Submitted via IRC for Bytram
For this study, [lead author Eric] Rignot and his collaborators conducted what he called the longest-ever assessment of remaining Antarctic ice mass. Spanning four decades, the project was also geographically comprehensive; the research team examined 18 regions encompassing 176 basins, as well as surrounding islands.
[...] The team was able to discern that between 1979 and 1990, Antarctica shed an average of 40 gigatons of ice mass annually. (A gigaton is 1 billion tons.) From 2009 to 2017, about 252 gigatons per year were lost.

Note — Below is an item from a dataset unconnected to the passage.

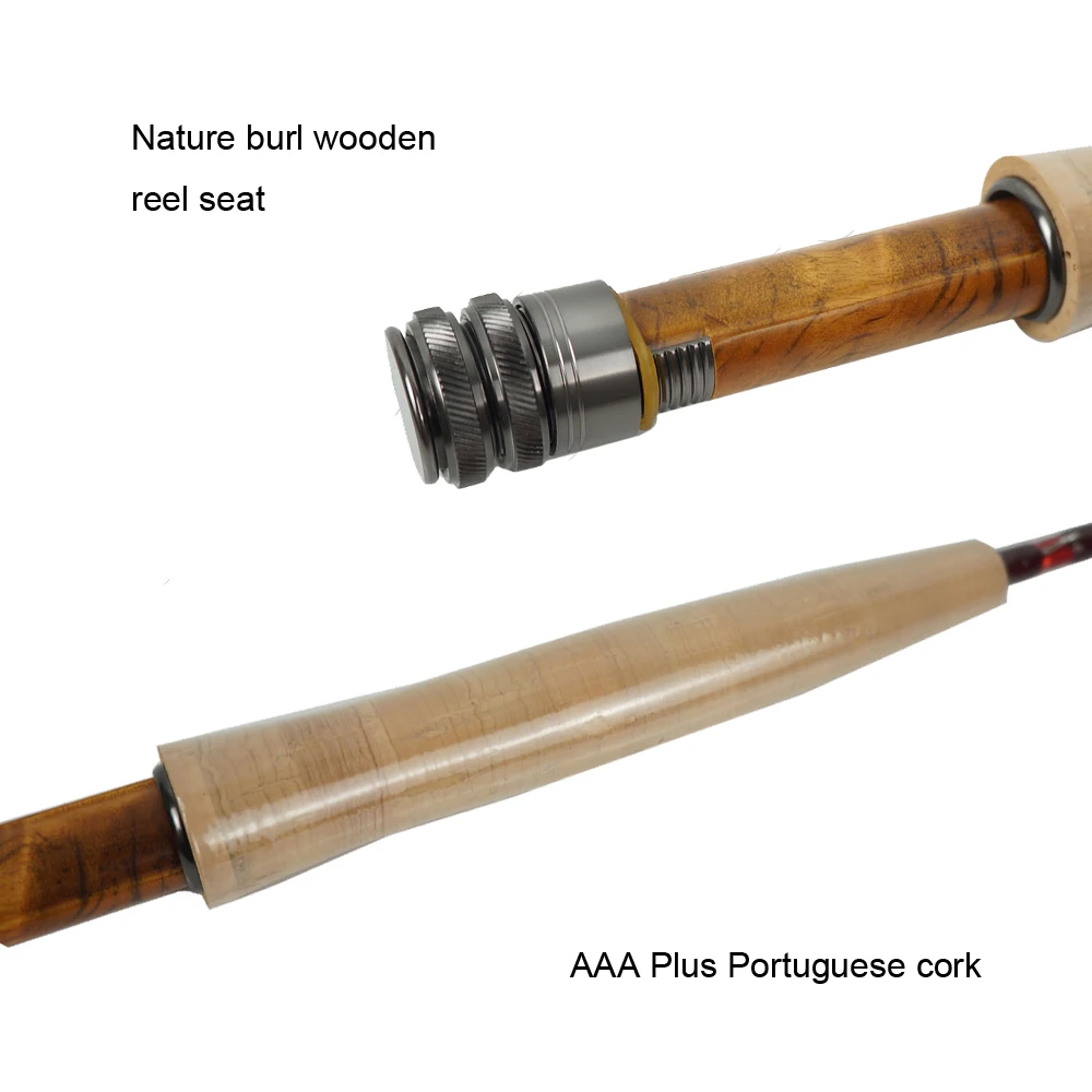 COMPONENTES PREMIUM: guía de un solo pie cromado súper duro de Pacific Bay con punta extra grande. Guías avanzadas de pelado de anillos cerámicos para resistencia a la corrosión y rendimiento suave. Asiento de carrete cortado mecanizado CNC de último diseño con insertos de madera Burl para 7 '6 ", 8' 0", 8 '6 ". Mango de corcho súper bien. Acabado rojo metálico con líneas de alineación para un montaje rápido. Todo viene con tubos Cordura de alta calidad.

The pace of melting rose dramatically over the four-decade period. From 1979 to 2001, it was an average of 48 gigatons annually per decade. The rate jumped 280 percent to 134 gigatons for 2001 to 2017.
Four decades of Antarctic Ice Sheet mass balance from 1979–2017 (open, DOI: 10.1073/pnas.1812883116)
(Score: 3, Interesting) by DeathMonkey on Thursday January 17 2019, @06:45PM
One should at least compare it to the sea level rise over the past 2000 years.
Where do you suggest they get that data? 'Cause I'm pretty sure if a study that tried to extrapolate that data was posted here you'd be complaining that it was all estimations and magic numbers.